Experimental ahead-of-time JavaScript compiler targetting WebAssembly and native
Switch branches/tags
Nothing to show
Clone or download
Fetching latest commit…
Cannot retrieve the latest commit at this time.
Type Name Latest commit message Commit time
Failed to load latest commit information.


aotjs -- ahead-of-time compilation of JavaScript to LLVM


At this stage this is a thought experiment, with a very early proof of concept of a garbage-collecting JS-like runtime written in C++, which works when compiled to WebAssembly.


Safe, small, moderate-performance JS runtime for application extensions.

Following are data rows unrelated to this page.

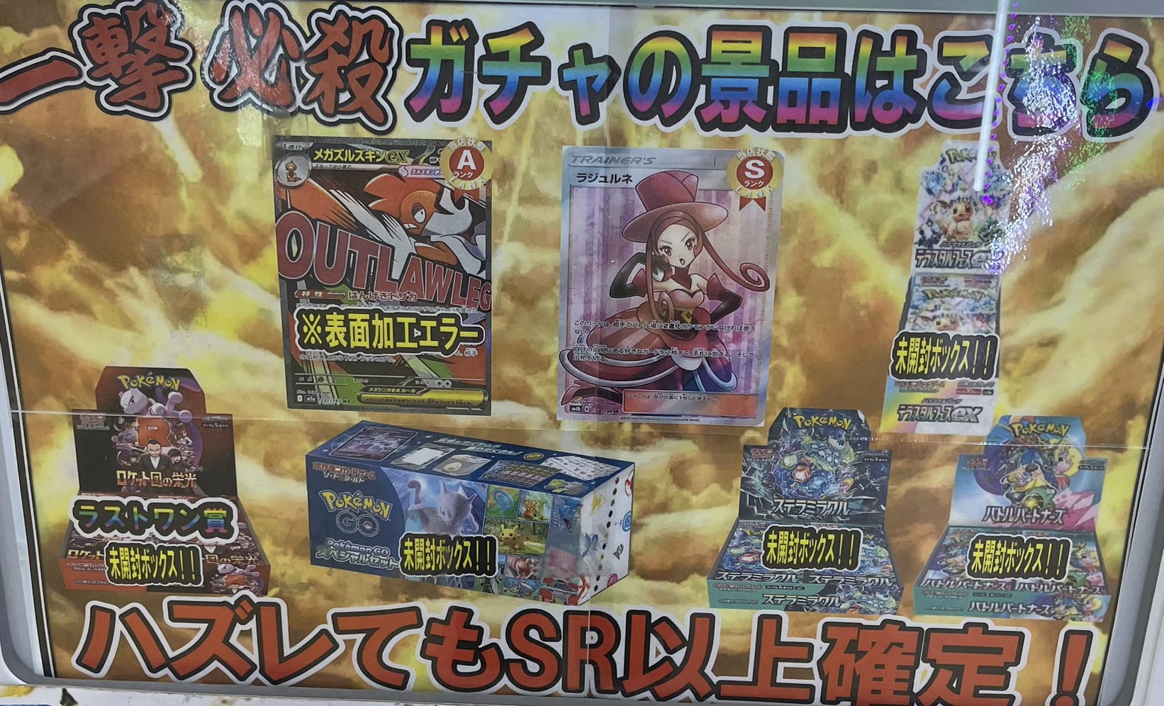 【佐世保2店広田店】ガチャ情報です!■ マンガ倉庫佐世保2店 マンガ倉庫広田店 カード トレカ ガチャ 2026年4月16日 【広田店】 一撃ガチャ更新しました! ズルズキンMA※表面加工エラー ラジュルネ SR ラストワン賞にロケット団の栄光 未開封BOXを含む豪華ラインナップとなっておりますのでこの機会にぜひ遊びに来て下さい! ほのおのうずガチャリニューアルしました‼ 必ず鍵が出る仕様で 1回¥2,000 全38口 ラストワン ニンジャスピナー ご来店お待ちしております‼ 関連
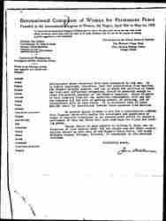 An earnest appeal is made to you for a contribution towards this Congress which will enable the conscience and experience of women to register themselves in an international effort to secure a settlement of this war which will give some hope for a just and lasting peace.
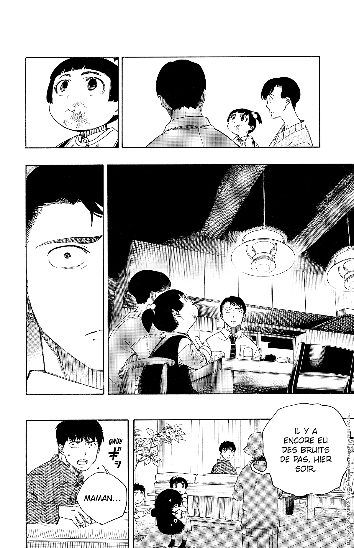 Le surnaturel s’intègre harmonieusement sans jamais sombrer dans le gore. Les dessins de Kazue Katô contribuent à atténuer l’aspect terrifiant, offrant une représentation plus humaine des esprits qui hantent les maisons. Ces esprits, autrefois habitants des lieux, conservent leur humanité malgré la perte de leur corps, ce qui rend le récit d’autant plus poignant.

  • static compilation of JavaScript to LLVM bitcode
    • native and WebAssembly-based execution
  • memory safety & sandboxing
    • JS code cannot affect things not exposed to it
  • small code size
  • better performance than an interpreter
  • small, but standard-ish JS language implementation
    • target ES6 or so for starters
  • ability to call to the JS runtime from host
  • ability to add JS objects from host


  • not expecting optimized code for polymorphic stuff
  • no support for loading new code at runtime
  • no support for runtime eval() or new Function("source")
  • no in-process resource limits for memory or execution time
    • WebAssembly sandbox can apply a hard memory limit
    • browser will eventually halt super-long loops

Things to compare with

Big engines

  • SpiderMonkey's interpreter mode
  • ChakraCore's interpreter mode
  • V8's interpreter mode

Smaller interpreters

  • duktape
  • jerryscript

Smaller compilers

How it might work

  • direct from LLVM to wasm
    • hello.js -> hello.o -> hello.wasm
  • emit C++ source code
    • hello.js -> hello.cpp -> hello.o -> hello.wasm

Language considerations


JS values may be of these types:

  • number (double)
  • number (int32_t optimized subset of doubles)
  • string, symbol, object (pointer to obj struct)
  • null, undefined (special values)
  • boolean (special values)

Many VMs do crazy things like using NaN bits in doubles to signal that the 64-bit value actually contains an int32_t or pointer instead of a double. While this appears to work in WebAssembly -- as long as you don't transfer double values outside to the host environment -- I'm going with tagged pointers instead to be more similar to planned native Wasm GC in the future.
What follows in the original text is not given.